[[ Raw data, beginning ]]

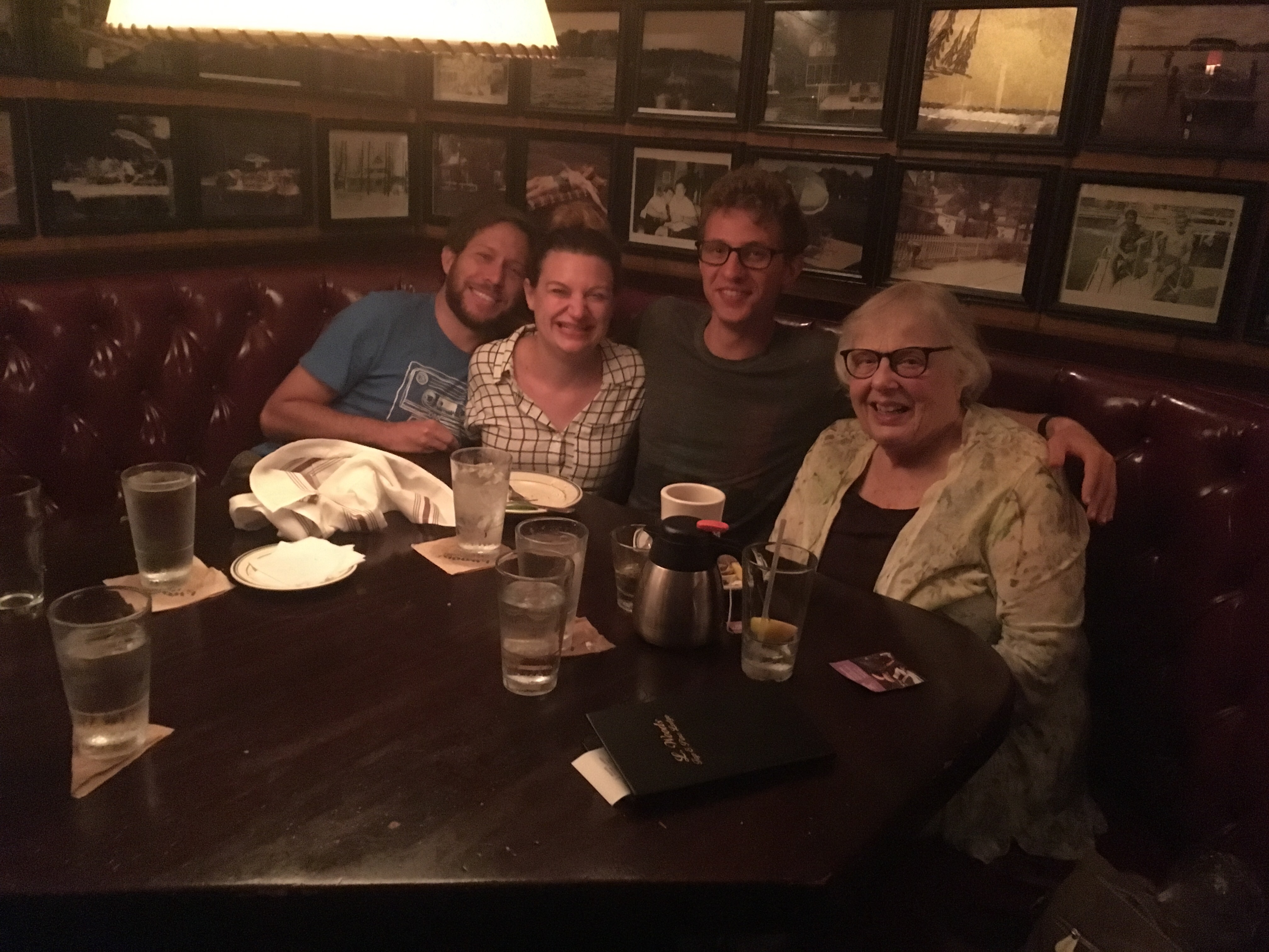 We stopped for cold brew and oolong coconut iced tea and a killer brownie at Metropolis, near the Glendale El station before wandering over to Hollywood beach where we could see that the crazy stunt planes we watched on our drive into the city along lake shore drive were done entertaining as part of the annual air and water show. Dinner was with wonderful aunt MAT at L. May, the ode to Midwestern supper clubs in Lincolnwoid. Excellent fish (trout with capers, grilled white fish and walleye), potatoes (twice-baked, garlic mashed) and bbq ribs. Great service and of course company.
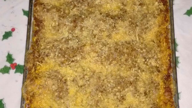 Termine com o molho à bolonhesa e polvilhe queijo parmesão ralado.
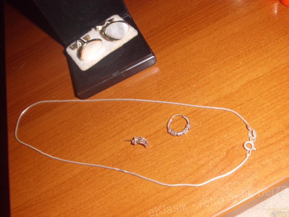 Srebrna sajlica, nastavljana, manžetne sa sedefom dve naušnice, kaučuk srebro narukvica bez kopče.
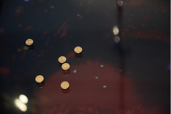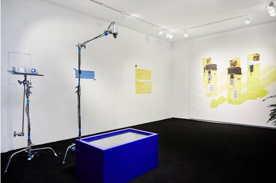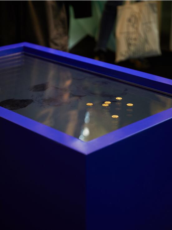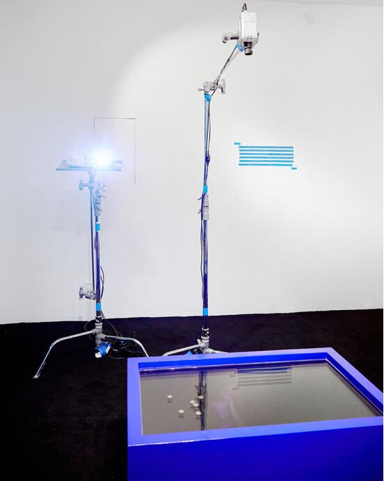 其实大家可以看到另外的一组作品——“无人值守”,和这次的展览结合到了一起的,我感觉做这些装置对我来说像做实验一样,不过这些实验只是为了抛出问题,并没有想解决它。如果看到的人应该可以看到影像「基路伯x2」通过一个显示器被投放了出来,这个显示器上面还有一层水,水里有6个5角钱的硬币,在这个“许愿池”的上方有一个监控摄像头拍摄,然后拍下的影像又通过投影仪投射到了玻璃床上。这里有两个现实层的干扰,一个是水面,一个是投影仪与玻璃之间。
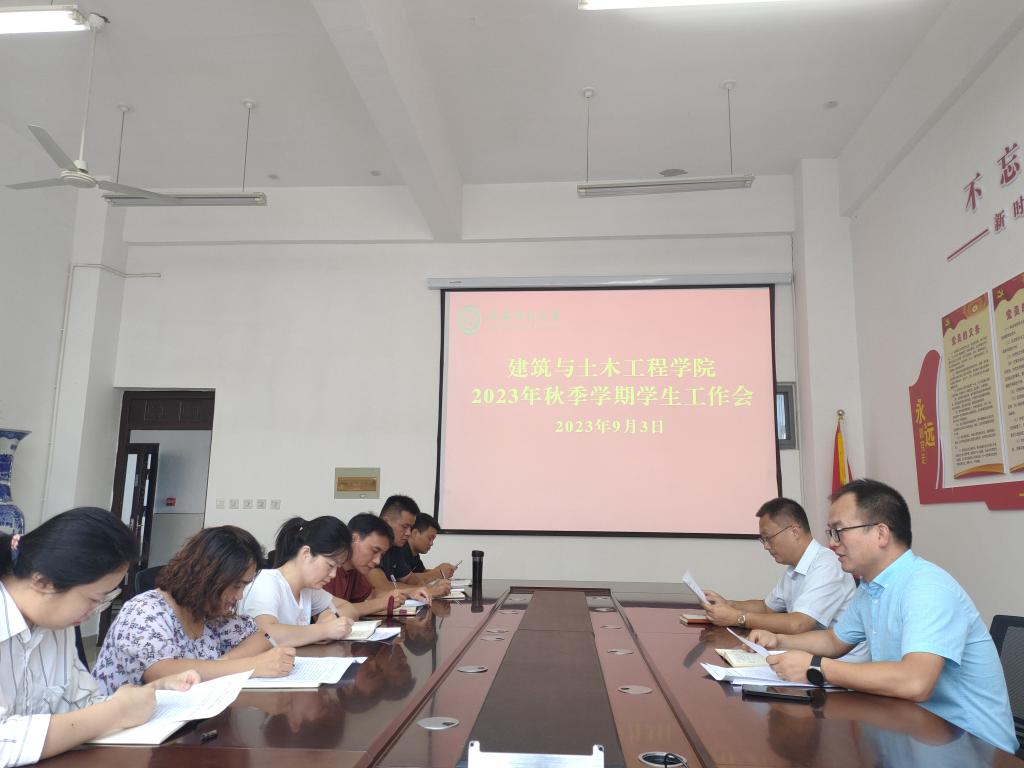 在综合实验楼402召开2023年秋季学期学生工作会,学院党委书记方明科、党委副书记冀鹏和全体专兼职辅导员参加会议。
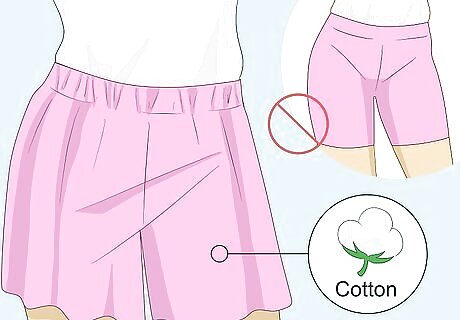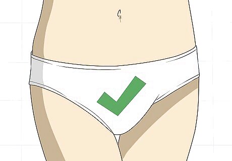 Wear loose, cotton underwear. The bacteria that causes UTIs thrives in a warm, moist environment. If you wear cotton undergarments then they help to wick away moisture and allow for air flow. Similarly, wearing loose fitting pants can keep your genital region dry and clean. It’s also important to take off any wet clothing, such as workout pants or bathing suits, as soon as possible. Check the label in your underwear to make sure it's not made of nylon or synthetic material, which you should avoid. Don't wear thongs, which increase your risk of infection by irritating your vaginal tissues.
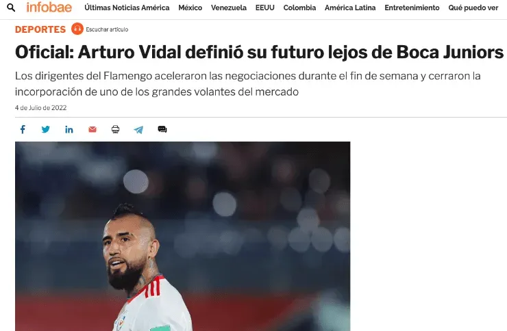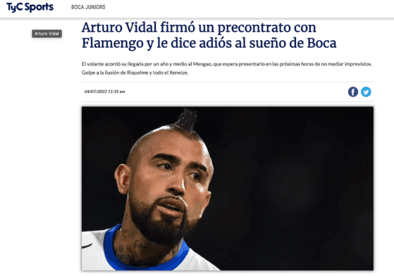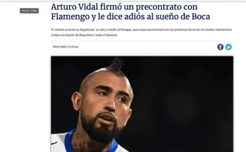 Por otro lado, en Infobae optaron por abordar el tema solo desde lo formal. “Flamengoacordó contratar este fin de semana al chilenoArturo Vidal. Tras acercarse aBoca Juniors, la directiva rojinegra decidió acelerar las negociaciones con el chileno de 35 años y se llegó a un buen puertogracias a un ofrecimiento de un contrato válido hasta diciembre de 2023″.
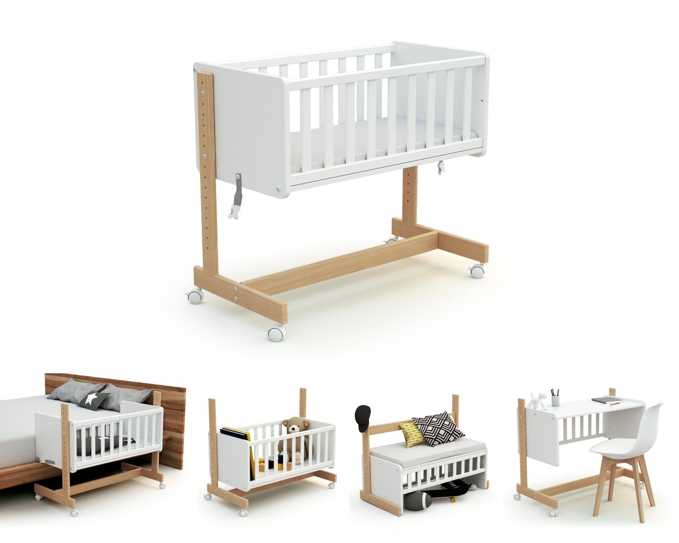 Un berceau-cododo transformable astucieux et technique qui évolue au rythme de votre enfant. Il accueillera bébé pour de douces nuits à vos côtés (configuration cododo) ou tout seul (configuration berceau simple). Et quand bébé grandit, il sera toujours utile puisque vous pourrez le transformer en coffre à jouets, en banquette ou même en bureau junior. Il s'adapte vraiment à toutes les situations.
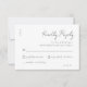 Cartão de Resposta RSVP Simples de Casamento Branco Preto de Script Elegante.
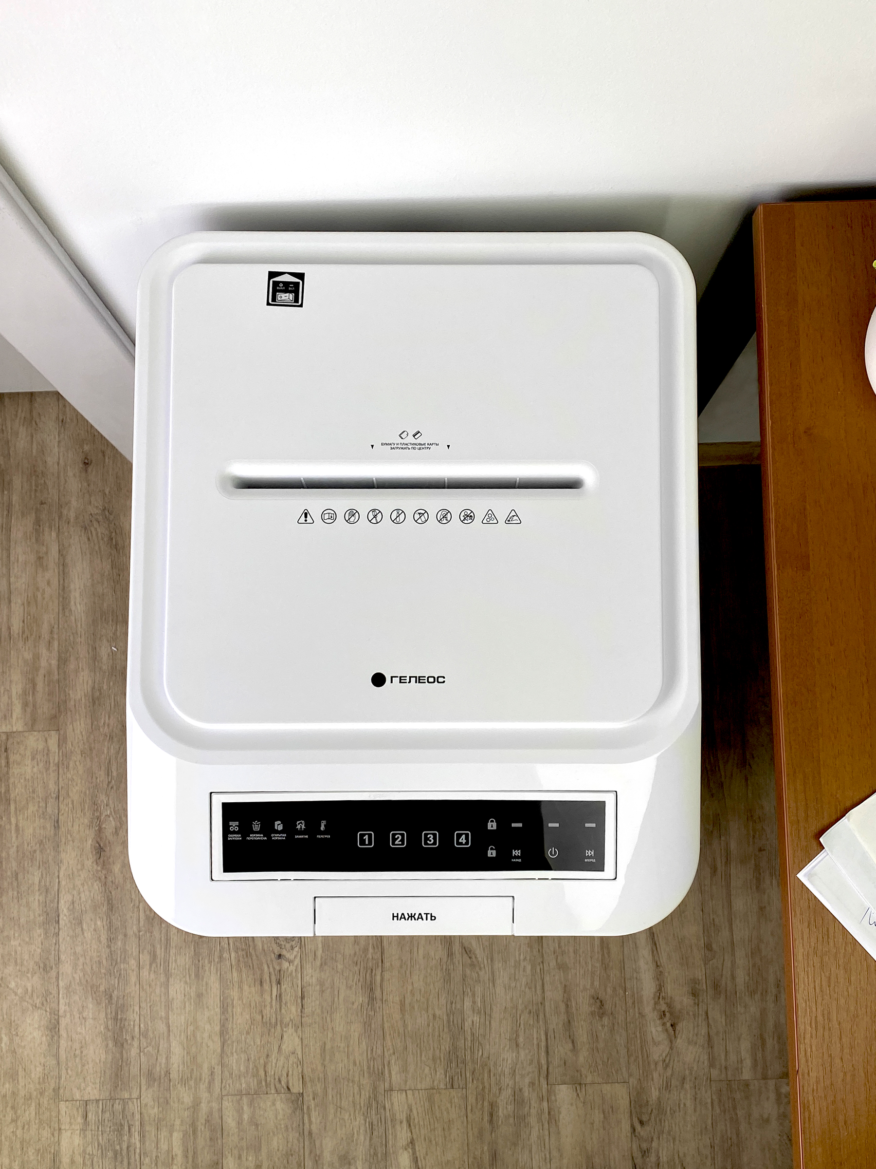 Отлично, что корзина почти на полсотни литров: для нашего отдела это спасение, не приходится постоянно бежать опустошать. Контрольной панели достаточно пары кнопок. В общем, машина для больших объёмов документов, рекомендую.
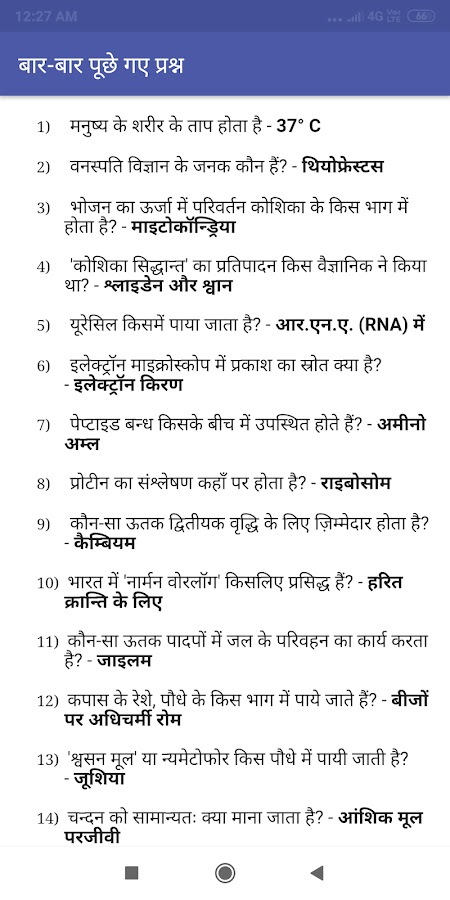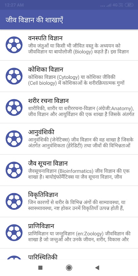 Приложение «Биология на хинди» (जीव विज्ञान) предоставляет различные биологические и общие науки по темам хинди с Notes и MCQ для конкурсной и другой подготовки к экзамену по хинди. Биологические заметки на хинди, Биология Г. К. Вопросы на хинди, जीव विज्ञान नोट्स. Это приложение содержит различные общие вопросы знаний и ответов по биологии предмета на хинди. Общие знания по биологии, Gk по биологии на хинди, Вопросы и ответы по общим знаниям на хинди, Хинди по биологии Саманья Гьян.
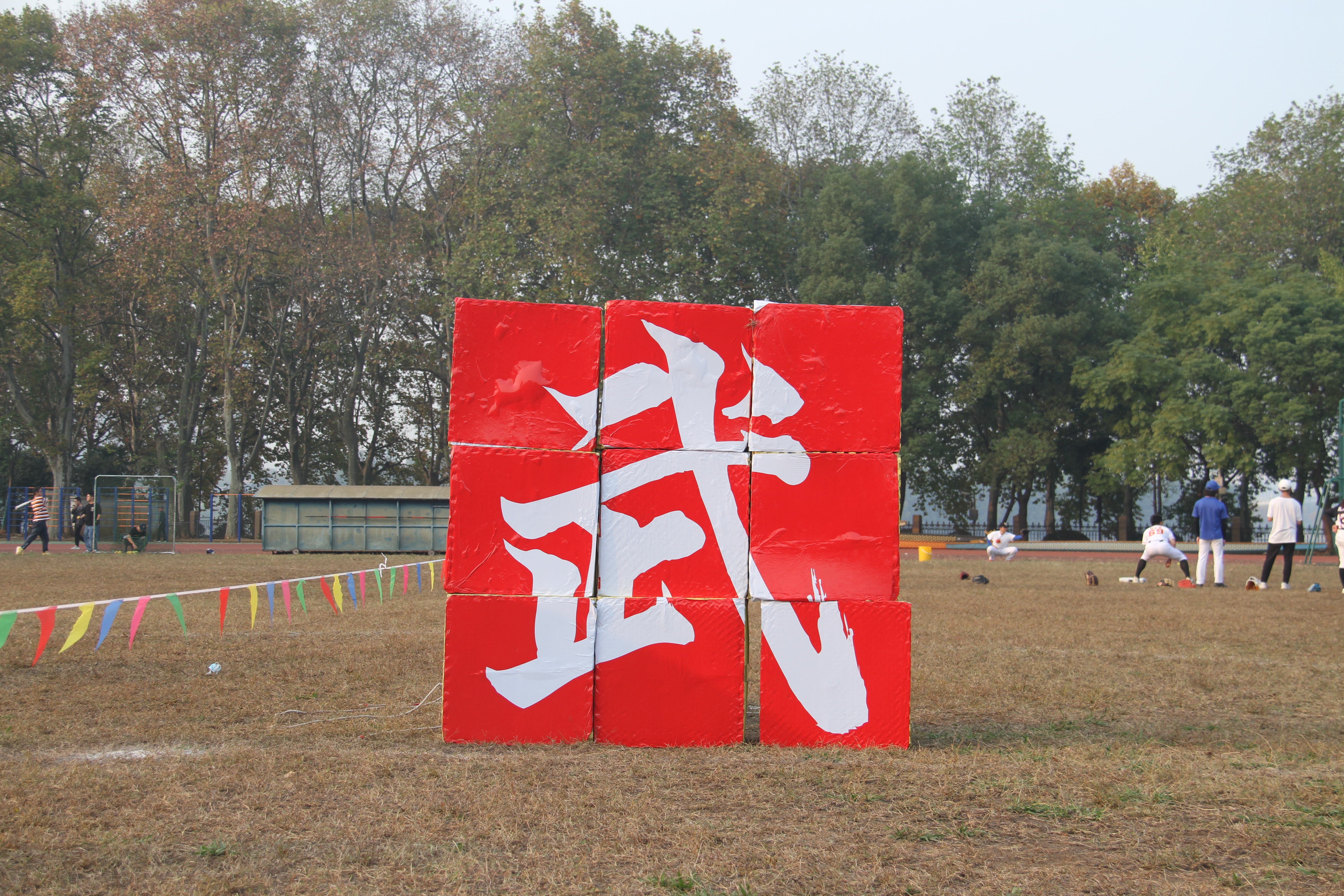 的“武”字被切分成九份贴在九个方块上,运动员轮流从起点出发将方块运送到指定地点,直到最后一名队员将最后一个方块送达,并完成文字拼图。这一项目看似简单,实际上不少队伍还是花费了九牛二虎之力才完成拼图。

[[ Raw data, end ]]

What is expected
An exact transcription is needed of the lines from the one with "Termine com o" to the one with "在综合实验楼402召开202" above, both ends included, with pictures left out.

Answer area
 Termine com o molho à bolonhesa e polvilhe queijo parmesão ralado.
 Srebrna sajlica, nastavljana, manžetne sa sedefom dve naušnice, kaučuk srebro narukvica bez kopče.
 其实大家可以看到另外的一组作品——“无人值守”,和这次的展览结合到了一起的,我感觉做这些装置对我来说像做实验一样,不过这些实验只是为了抛出问题,并没有想解决它。如果看到的人应该可以看到影像「基路伯x2」通过一个显示器被投放了出来,这个显示器上面还有一层水,水里有6个5角钱的硬币,在这个“许愿池”的上方有一个监控摄像头拍摄,然后拍下的影像又通过投影仪投射到了玻璃床上。这里有两个现实层的干扰,一个是水面,一个是投影仪与玻璃之间。
 在综合实验楼402召开2023年秋季学期学生工作会,学院党委书记方明科、党委副书记冀鹏和全体专兼职辅导员参加会议。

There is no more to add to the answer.